Currency

This blog post was made using dictation summary software, and posted for SEO purposes. If you really want to know what this episode is about, check out the full episode here: https://youtu.be/CJX2jTueW9s?si=Cr28eTsKn7_RgA1L

It’s episode 9 and it’s going fine! Welcome to the blog of the Obojima Podcast! This podcast is a deep dive into the creative process of creating Obojima: Tales from the Tall Grass. First things first, let’s meet our intrepid crew of writers. 

  • Jeremiah Crofton - The Creative Director of 1985 Games and the creator of Obojima. 

  • Ari Levitch - Head Writer

  • Adam Lee - Head Writer

High along the weather-worn cliffs to the west of Mount Arbora, where the wind speaks in ten dialects and the clouds cast stories across the stone, rests Sky Kite Valley—a sprawling, many-tiered city carved into the bones of the island itself. It is a place where invention and intuition entwine, where the dream of flight is not only sacred but inevitable.

The writers—Jeremiah, Ari, and Adam—gathered again, as they do, to press ink into sky. Their meeting turned toward the windswept ledges of Sky Kite and the culture of those who dare gravity for breakfast.

Machines with Wings and Hearts of Flame

The people of Sky Kite Valley are obsessed with the sky. Not in passing, not romantically, but devoutly. They tinker with flight the way others pray. Every rooftop is a proving ground. Every child knows how to catch thermals before they know how to read.

Much of the discussion circled around the city’s mad beauty: its terraces built into cliffs, its absence of a beach (the sea here is vertical), and the strange machines that fill its skies. These are not sleek machines of polished steel, but living testaments to risk and resourcefulness—gliders, pedal-propellers, hot air balloons that defy physics by the grace of desperate brilliance.

Some of these devices are fueled by candles—giant pink ones made only four times a year by a ten-person crew, each wick a lever of ascent or descent. Some look like flying fish or paper cats, drifting over stone courtyards like airborne folklore.

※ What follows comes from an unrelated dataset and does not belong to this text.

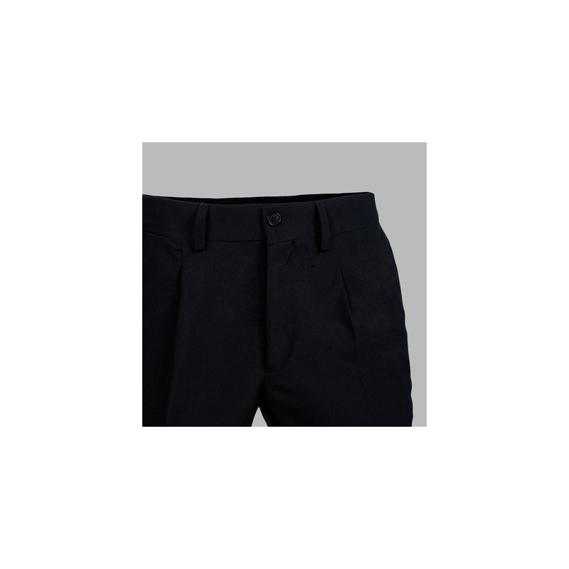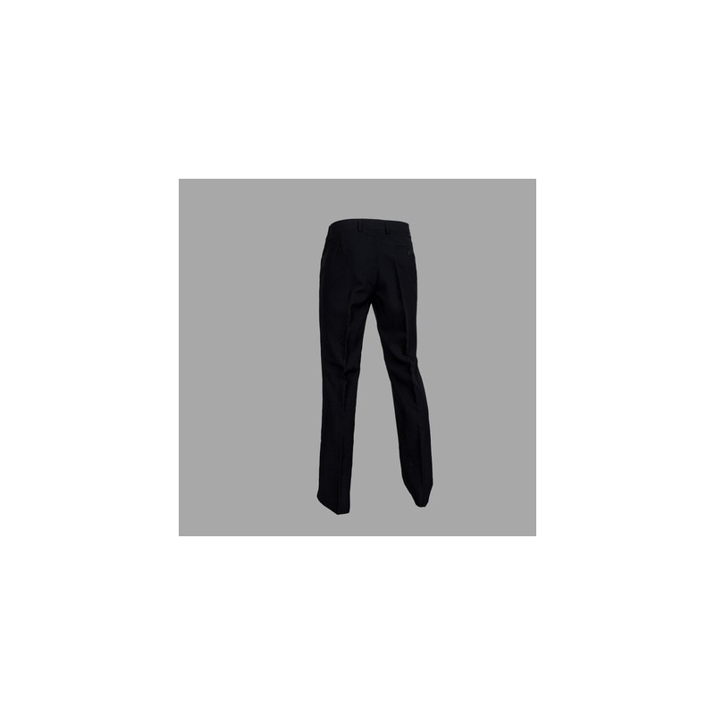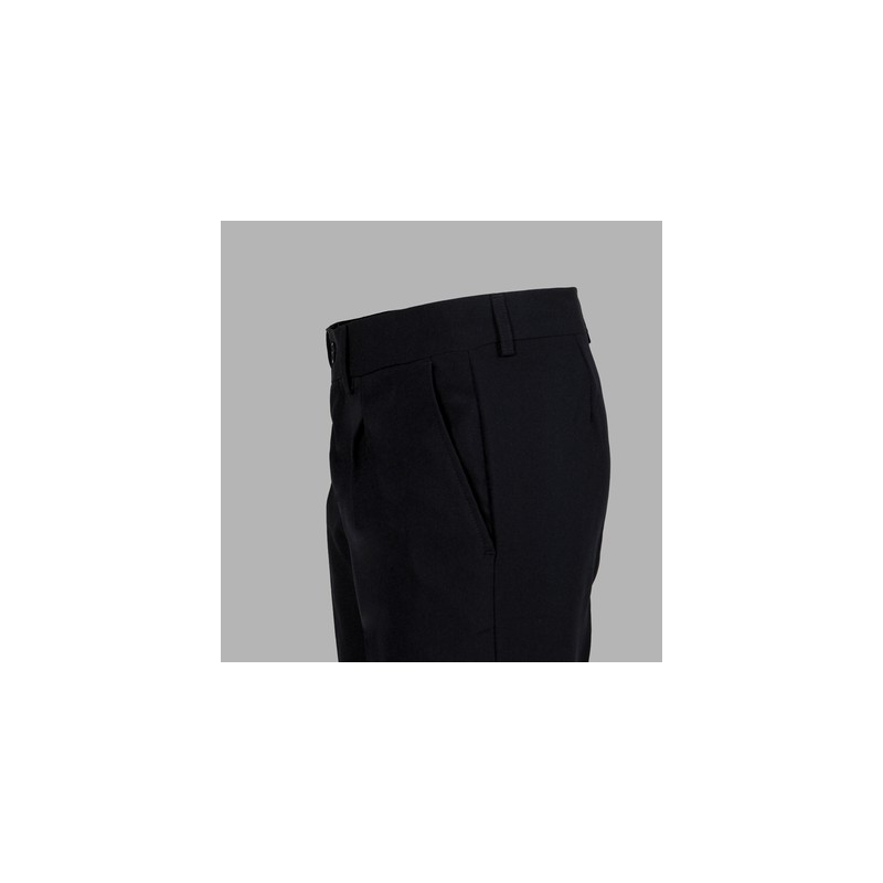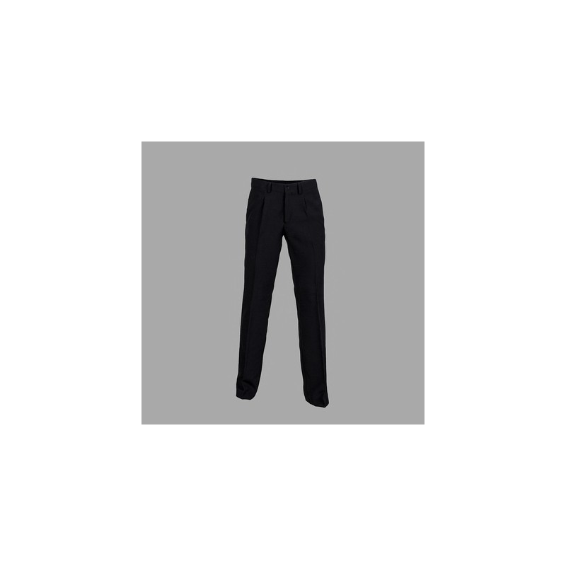 Pantalón unisex regular fit, con cremallera y botón, trabillas, dos bolsillos franceses en costados y otro de ojal trasero, modelo clásico con pinzas, confeccionado en STRECH de 100% Poliéster.

The Sky King and the Hunter

Woven through the wires and wind is myth: The Sky King, once a living monarch of the air, now said to appear as a drifting skeleton, his skull rumored to hold a diamond—or perhaps a sacred wax—that could revolutionize ballooncraft. The expedition to find him is both a spiritual quest and a scientific moonshot, drawing comparisons to humanity’s real-world reach for the moon.

Yet not all who rule the sky are revered. There is also The Hunter—a terrible beast with six eyes, four wings, and the silhouette of an ancient predator. Locals view it with reverence and dread, like a weather god who sometimes eats koi. It is both protector and threat, its presence pressing tension into every ascent.

The Spirit in the Steam and the Politics of Progress

But this is no clean utopia. Below the wonder lies friction—between the elders who remember when feet stayed on the ground, and the new breed of thinkers who build toward the clouds. Factions begin to form. Pilots and engineers pit their vision of a lifted future against traditionalists and coastal folk, like Holly of the Diver’s Lodge, who struggles to find parts for her great undersea swordfish while everyone throws wax and fabric at the sky.

Lurking behind the coal smoke and dream maps is something older: a steam spirit, muse-like and fickle, appearing translucent when pleased and fully opaque when thrilled. It is uncertain whether this spirit is benevolent, or simply bored. It watches the builders. Sometimes it blesses them. Sometimes it breaks their wings.

City of Layers and Locks

Sky Kite Valley is more than its skyline. Its streets are vertical: a city of levels, each tier housing a different class, purpose, and philosophy. Stairs dive into the ocean, and a system of locks and barges reminiscent of Omashu’s (Avatar the Last Airbender) mail chutes keeps goods and people in motion. In the taverns near the docks, a barge master, a kite-maker, and other colorful NPCs weave their own plots while watching balloons fade into mist.

Invention as Survival, Myth as Compass

Every candle lit in Sky Kite Valley is an act of defiance against the Corruption spreading elsewhere across Obojima. Some believe the push to fly is desperation disguised as progress. Others say it's what makes the island worth saving.

Either way, the sky is watching. And someone, somewhere, is always building.